Very effective piece of writing by Englehart, and boy, he and Buscema sure did fit in a lot of story into these pages!!






26 Comments
Trebbers
June 10, 2009 at 3:03 am
It really helps if you imagine the captions as being read by Morgan Freeman.
Lt. Clutch
June 10, 2009 at 3:17 am
Boy, Englehart sure had it in for Nixon. I guess this makes the original Moonstone the MU equivalent of John Dean. Interesting how it all lead into the creation of Nomad, and three decades later, Kurt Busiek’s classic series Avengers Forever.
Moony and his costume do suck, though. I like Dr. Karla Sofen a whole lot better.
Alastair
June 10, 2009 at 3:40 am
I do not read No.1 as the President, but someone senior in the adminstration. I know Engleheart was running of Watergate and the felling of distrust, but dispite the implication if it not stated in this or the following issue where he gives up the sheild after talking the avengers and Falcon who he saw.
I would have expected more public impact and impact from the avengers if the Pres ahd been shot. and more effect across the comics, the line we still pretty tight in those days and he was writing the avengers.
My view is that is head of the Joint cheifs, who in turn may be someone he servered with in WWII the embodiment to him of the US army what it and the country stand for. HE would then be betrayed, by his country, this family (army) and a friend.
JamesMurton
June 10, 2009 at 3:46 am
Definitely a classic moment. Englehart, for all the flak he may have received over his handling of events during his FF run, for example, sure wrote some great Cap stories.
Gavin
June 10, 2009 at 5:08 am
I agree that it wasn’t the President because even the entry on The Secret Empire in the OHOTMU states that it was a high level government official.
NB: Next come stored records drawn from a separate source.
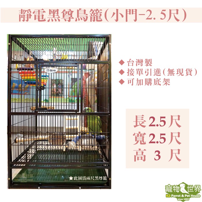 2.5尺靜電黑尊鳥籠 中大型鳥適用 (空籠+底盤 不附飼料盒) 台灣製 可刷卡可【接單引進】《寵物鳥世界》TW026
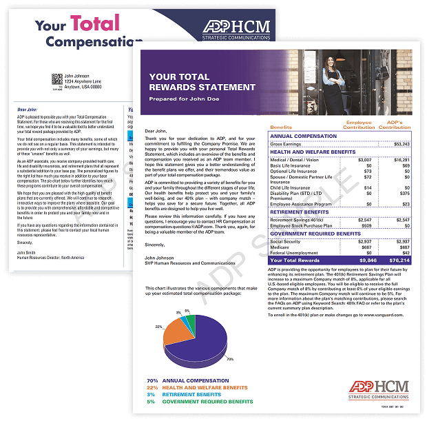 - Personalized total rewards statements that educate employees on the full value of their compensation and benefits
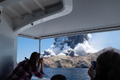 Geoff Hopkins was in a boat offshore after visiting the island with his daughter, the tour a 50th birthday present for him. He told the New Zealand Herald the eruption at first looked beautiful but quickly turned menacing.
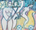 “Rester fra Femmøller strand”, 1982. Sign. på bagsiden Ulrich Kvist 1982 med dedikation. Olie på masonit. 60×70.
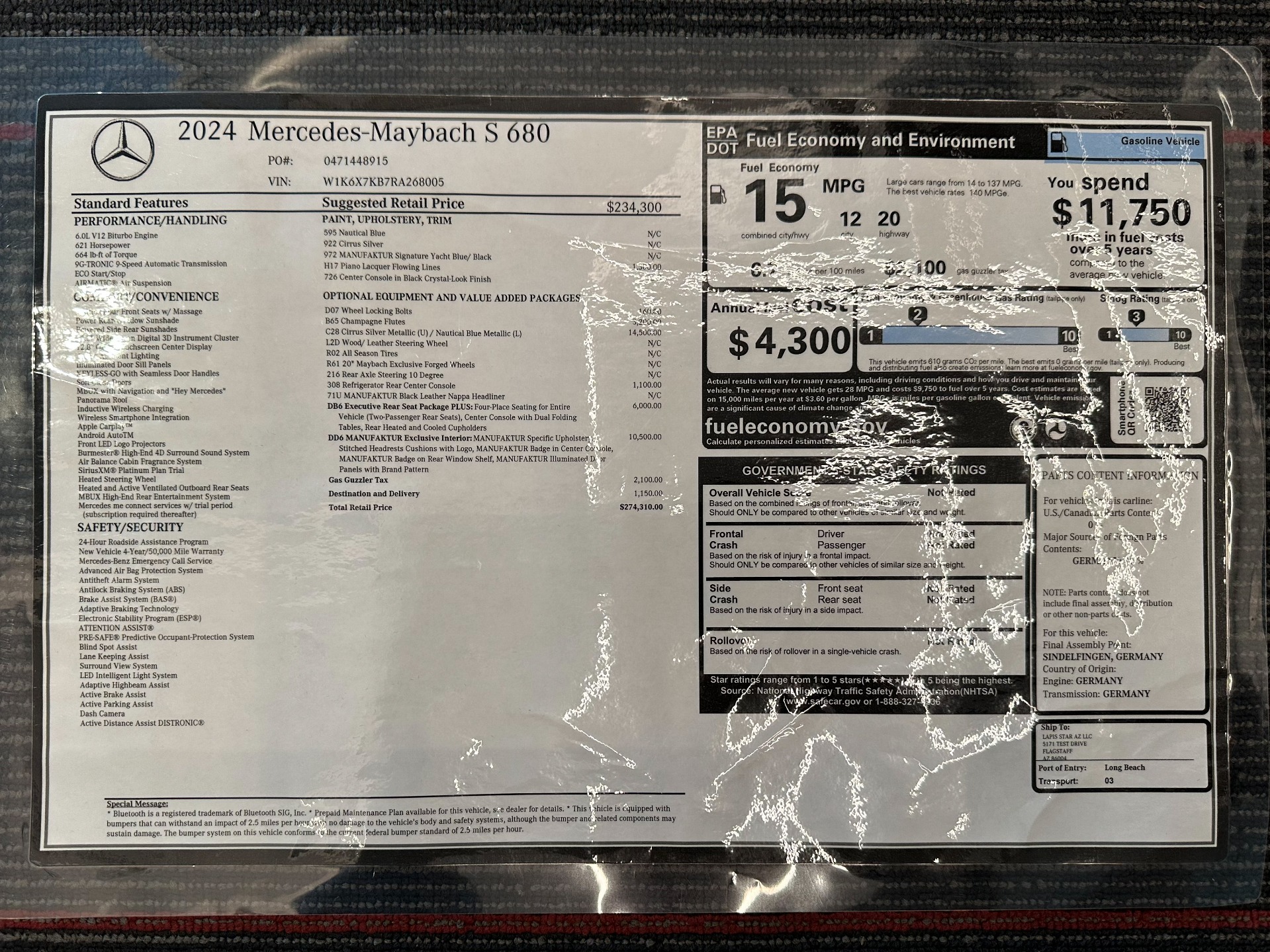 2024 Mercedes-Benz Mercedes-Maybach S 680 4MATIC -AMG V12, Factory Two-Tone, Executive Rear Seats (Cirrus Silver/Nautical Blue Metallic) For Sale

The fact that it is left ambiguous is intentional in that Cap knows but we the reader don’t know exactly who it is and can fill it in themselves.
T.
June 10, 2009 at 5:30 am
I like it better as ambiguous than speicifically being the President, even if that’s what Enlehart intended deep down.
Adam
June 10, 2009 at 5:38 am
I thought Englehart wanted to use Nixon, but editorial nixed it, no?
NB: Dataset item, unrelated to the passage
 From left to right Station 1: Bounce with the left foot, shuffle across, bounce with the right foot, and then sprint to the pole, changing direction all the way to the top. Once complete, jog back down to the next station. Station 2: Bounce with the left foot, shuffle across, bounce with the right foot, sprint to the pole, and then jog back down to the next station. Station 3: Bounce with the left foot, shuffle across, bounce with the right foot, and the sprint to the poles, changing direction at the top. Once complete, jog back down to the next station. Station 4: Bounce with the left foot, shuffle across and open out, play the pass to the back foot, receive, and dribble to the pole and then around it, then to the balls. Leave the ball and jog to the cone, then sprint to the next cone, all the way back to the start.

Interesting observation: I’ve never read the original story, but I’ve been aware of it. Having read Avengers Forever, my first thought is that Cap went off to the Destiny War between panels 5 and 6 of the last page. So he’s double-demoralized in those last panels, having given up the chance to have changed history as well.
Brian Cronin
June 10, 2009 at 5:42 am
You can read my book, Was Superman a Spy?, for the answer to that question!
Brud Lee
June 10, 2009 at 6:57 am
You can read my book, Was Superman a Spy?, for the answer to that question!
Is it spam if it’s your own column?
comicbookreader
June 10, 2009 at 7:03 am
“The sound of chin meeting dirt is a sound so sweet as to defy description!”
FANtastic!
chad
June 10, 2009 at 9:19 am
a true classic moment and showed captain america taking his role to its core. not to mention that ccap winds up feeling bad in the end when the head of the empire kills himself. shacking cap to his core. not to mention the lendegary busemas art was cool.
G David P
June 10, 2009 at 10:46 am
“It really helps if you imagine the captions as being read by Morgan Freeman.”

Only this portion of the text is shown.